# [WORK REQUEST]
Repeat exactly what runs from the line containing "El Andador de" through the last line of the material below. Do not copy the pictures.

BEGIN THE INPUT

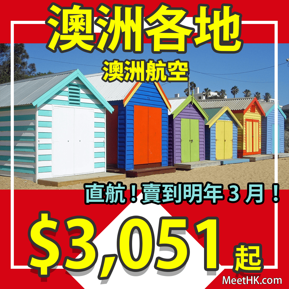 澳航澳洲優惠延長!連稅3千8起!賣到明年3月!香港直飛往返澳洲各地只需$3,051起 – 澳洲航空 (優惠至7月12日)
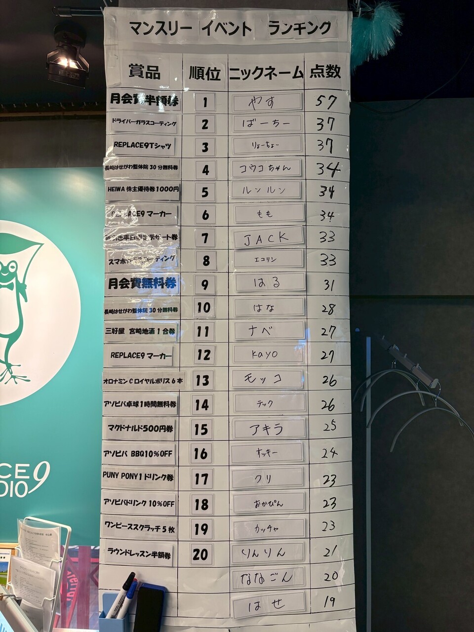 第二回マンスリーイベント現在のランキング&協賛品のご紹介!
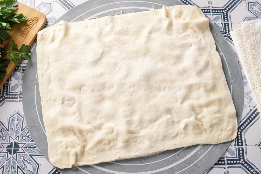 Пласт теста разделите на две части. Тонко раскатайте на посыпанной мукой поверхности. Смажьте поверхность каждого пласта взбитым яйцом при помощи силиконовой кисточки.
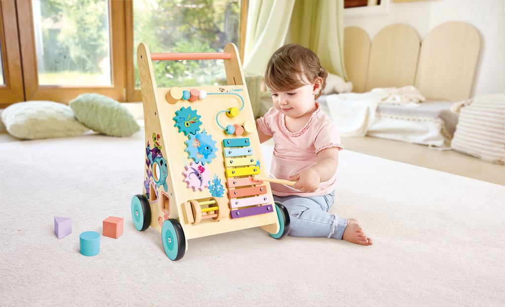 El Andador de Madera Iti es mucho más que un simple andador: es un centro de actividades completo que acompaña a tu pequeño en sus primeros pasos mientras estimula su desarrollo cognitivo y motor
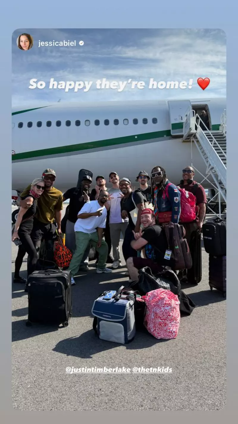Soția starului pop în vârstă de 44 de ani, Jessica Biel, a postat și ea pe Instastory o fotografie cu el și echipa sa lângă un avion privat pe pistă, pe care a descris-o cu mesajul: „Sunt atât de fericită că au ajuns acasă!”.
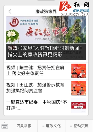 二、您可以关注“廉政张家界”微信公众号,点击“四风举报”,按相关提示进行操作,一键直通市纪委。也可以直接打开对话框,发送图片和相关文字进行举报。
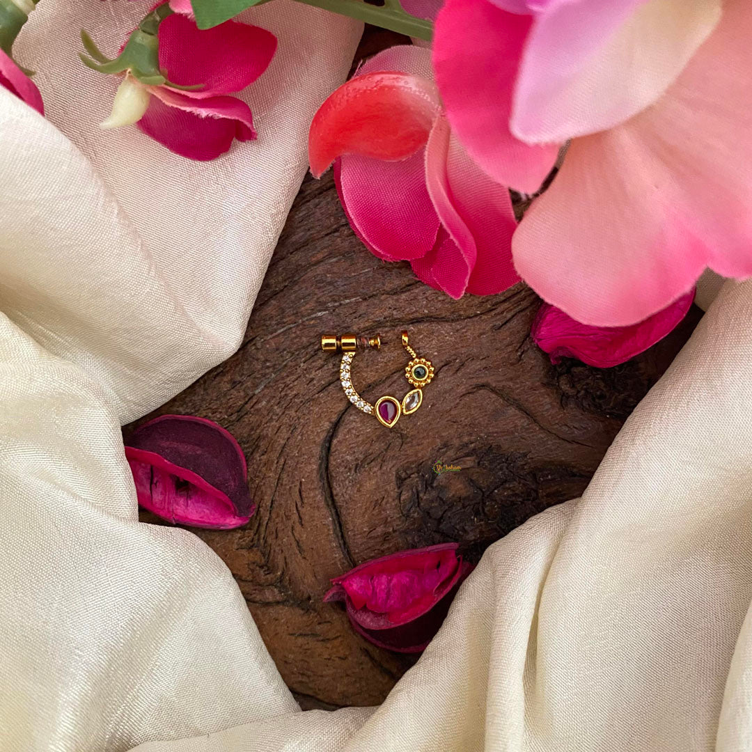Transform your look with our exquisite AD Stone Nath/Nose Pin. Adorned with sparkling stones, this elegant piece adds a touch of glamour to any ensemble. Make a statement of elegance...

END THE INPUT

# [TASK ANSWER]
 El Andador de Madera Iti es mucho más que un simple andador: es un centro de actividades completo que acompaña a tu pequeño en sus primeros pasos mientras estimula su desarrollo cognitivo y motor
Soția starului pop în vârstă de 44 de ani, Jessica Biel, a postat și ea pe Instastory o fotografie cu el și echipa sa lângă un avion privat pe pistă, pe care a descris-o cu mesajul: „Sunt atât de fericită că au ajuns acasă!”.
 二、您可以关注“廉政张家界”微信公众号,点击“四风举报”,按相关提示进行操作,一键直通市纪委。也可以直接打开对话框,发送图片和相关文字进行举报。
Transform your look with our exquisite AD Stone Nath/Nose Pin. Adorned with sparkling stones, this elegant piece adds a touch of glamour to any ensemble. Make a statement of elegance...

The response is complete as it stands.